Thursday, August 24, 2006

Politics and Nostalgia (for old friends)

(Note: The previous post was a concession to dear friends who observed that my posts were too political for my own good. With their biding, I wallowed in nostalgia and wrote that piece that ended up as an early midlife crisis indicator. So I owe them my thanks for their concern as well as the enjoyment of writing that blog. Here is an explanatory essay for those who are bored, bothered, concerned, etc. over my political posts.)

We all find our own space in this world. That is what I say to myself when I come across friends who do not understand my political convictions. This after I sense their veiled incredulity over ideas that to their minds seem so divorced from the possible and the passion with which I hold them. I guess passion sometimes begets apathy (since this is the age of irony) and I have been dismissively pigeon-holed as the “messianic one” or worse as a “bigot,” of having certain beliefs about our world and its faults and inflicting them against anyone unfortunate enough to be within hearing distance.

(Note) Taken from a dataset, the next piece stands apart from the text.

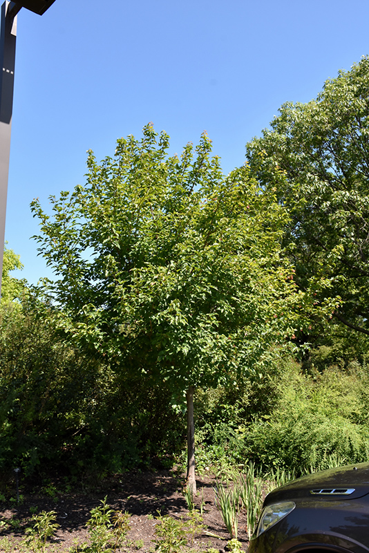 A spectacular choice for its reliable blazing red-orange fall color and bright red fruits that appear in early summer and persist until fall; this is a shapely small tree that is very hardy and adaptable; great as a fall accent in smaller home landscapes

Some friends once predicted that I would either become a politician or worse a cult leader of a self-made religion indicating the negative reputation I have earned for myself over the years. I ended up as a teacher perhaps to their consternation since I would still have an audience for my “dangerous” ideas. Thus, every drinking session would end with the obligatory return to the good ‘ol times, to nostalgia in order to placate the ruffled feathers of my middle class friends after I challenge the implications of the lives we “chose” to lead. And I would take a swig off my stale beer and mutter to myself that “we all find our space in this world.” After all, who am I to shatter their illusions?

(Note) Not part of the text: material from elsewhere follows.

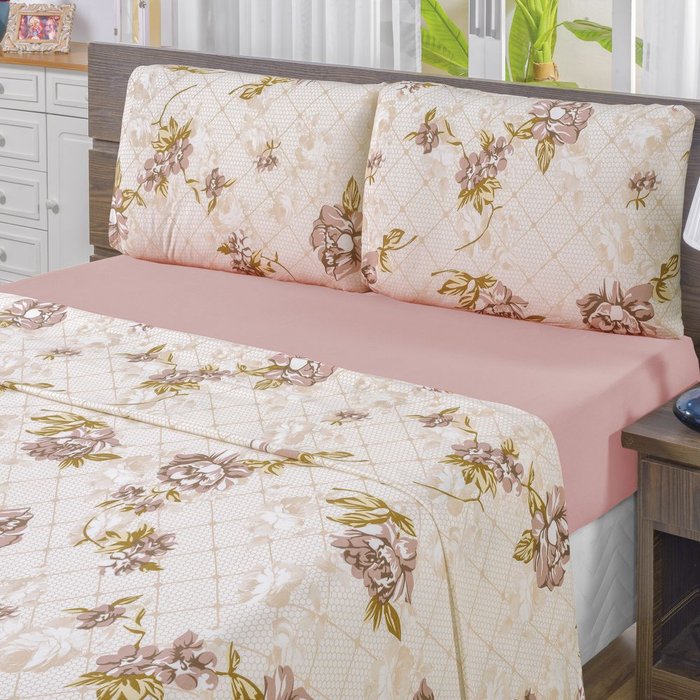 Jogo de Lençol King em Malha 100% Algodão 4 Peças - Rosê

This is a cop-out of course, an admission that ideas, no matter how promising they may be, cannot bridge the contingent paths that our lives have taken. It’s the same as saying that although we share so many beginnings, over time, we have become different people where the only thing common is our past. We have met new people along the way, new loves, new beliefs, new responsibilities that now define the boundaries of our reality. And sometimes, other realities just don’t fit in our careers, lifestyles, family life and other trappings that have come to define our middle class lives. Yet, if only for a moment, for that once a year reunion when I am quizzed about my involvements, there I was pricking their safe cocoons and violating the things that they hold dear by the ideas that I hold. For all I know, these ideas barely registered amidst the din of laughter and at best its effect is an unwelcome headache. Crazy me with my politics and all like a broken record.

But conviction is precisely predicated on the principle that it may be correct, and sharing it with others is in fact a test of validity instead of a belief in certainty. In other words, when one speaks about convictions it is not to pledge to a single bigoted standard of truth, but at the very least, an assertion that certain realities are shared, since we still inhabit “a common space” where it is possible for us to agree and achieve common convictions.

And so “we all find our place in the world” but this does not mean an individual autonomous space disassociated from everyone else. I would like to believe that there is more that binds us beyond the nostalgia for the good ‘ol times. Though we have been thrown together by the contingent circumstances of our childhood, and then thrown apart by fate, we still face the same social realities wherever we may physically be, no matter how rich or poor we are. I am therefore assuming that my truths could be yours. This is the premise of my (and perhaps all) politics.